3 1/4 cups all-purpose flour
1 cup grated Parmesan cheese
1/2 cup tomato juice
2 tablespoons safflower oil
1 1/2 cups loosely packed spinach leaves (save time—buy pre-washed spinach)
1/4 cup water
Preheat oven to 325° F
Blend the flour and cheese in a large bowl. Put 2 1/4 cups of the flour-cheese mixture into the food processor. Add tomato juice and 1 tablespoon of the oil. Mix together until a ball of red dough forms. Remove the dough from the food processor and set aside.
Rinse out the processor bowl. Return it to the base and add spinach. Process to chop the spinach. Add water while the blade is going and continue to process until the spinach is finely chopped.
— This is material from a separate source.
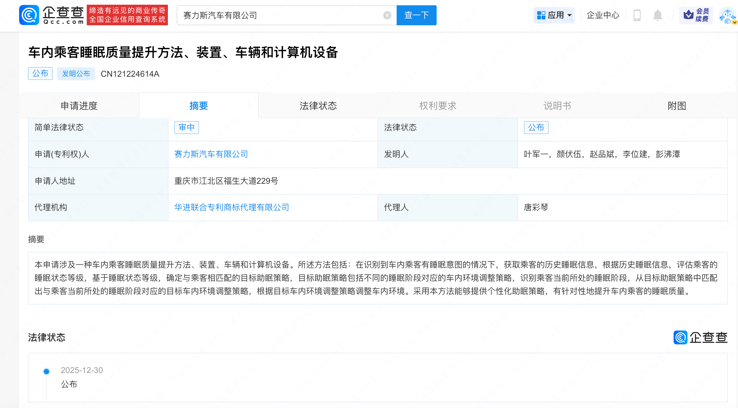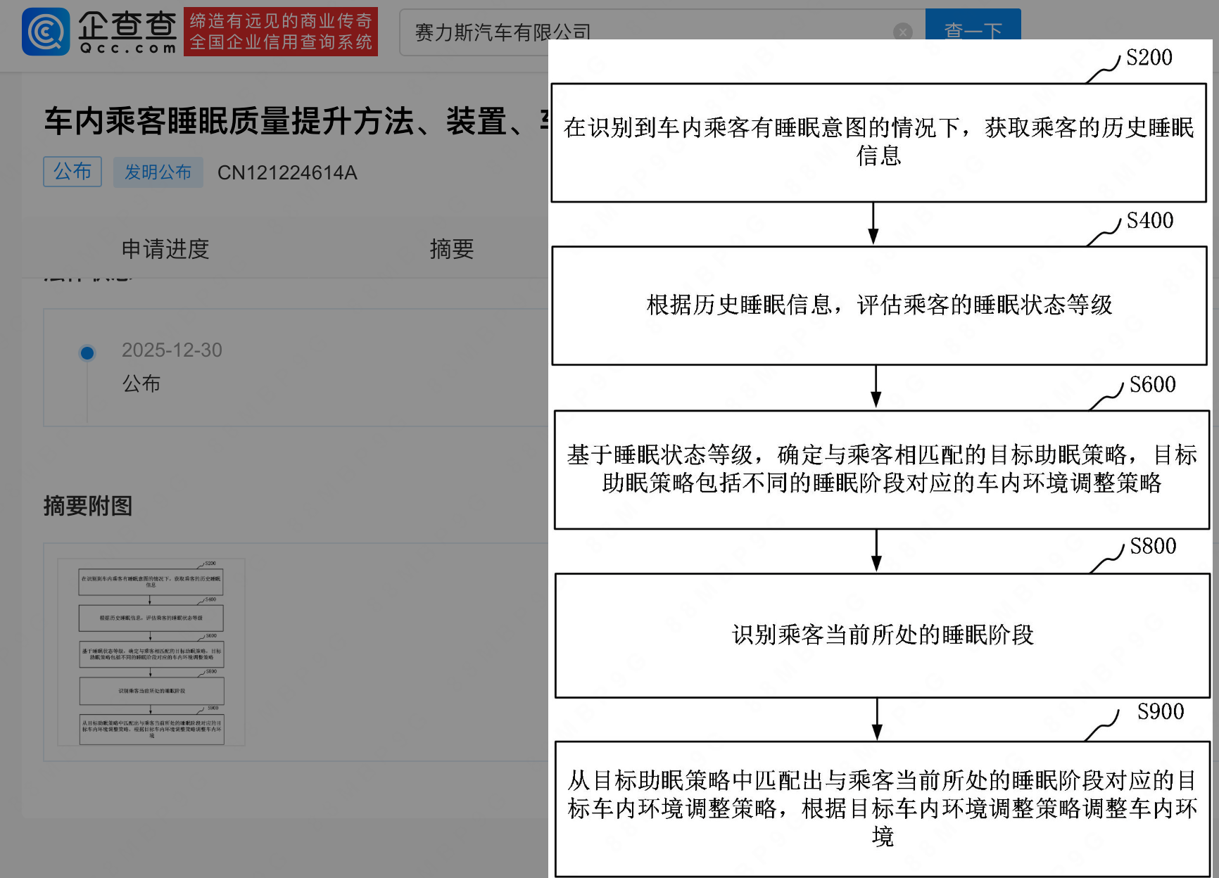 近日,赛力斯汽车有限公司申请的“车内乘客睡眠质量提升方法、装置、车辆和计算机设备”专利公布。摘要显示,本申请涉及一种车内乘客睡眠质量提升方法、装置、车辆和计算机设备。所述方法包括:在识别到车内乘客有睡眠意图的情况下,获取乘客的历史睡眠信息,根据历史睡眠信息,评估乘客的睡眠状态等级,基于睡眠状态等级,确定与乘客相匹配的目标助眠策略,目标助眠策略包括不同的睡眠阶段对应的车内环境调整策略,识别乘客当前所处的睡眠阶段,从目标助眠策略中匹配出与乘客当前所处的睡眠阶段对应的目标车内环境调整策略,根据目标车内环境调整策略调整车内环境。采用本方法能够提供个性化助眠策略,有针对性地提升车内乘客的睡眠质量。

Add the remaining 1 tablespoon of oil and remaining 2 cups of the flour mixture. Process to form green dough.
On a lightly floured surface, roll red and green dough out, separately, into 1/4-inch-thick ovals. Try to make the ovals the same size and shape. Stack the green oval atop the red oval and roll again. Use cookie cutters to cut into Christmas shapes. Place on a baking sheet covered with greased or nonstick foil. Bake 25 to 30 minutes or until just starting to brown on top. Store in an airtight container in the refrigerator.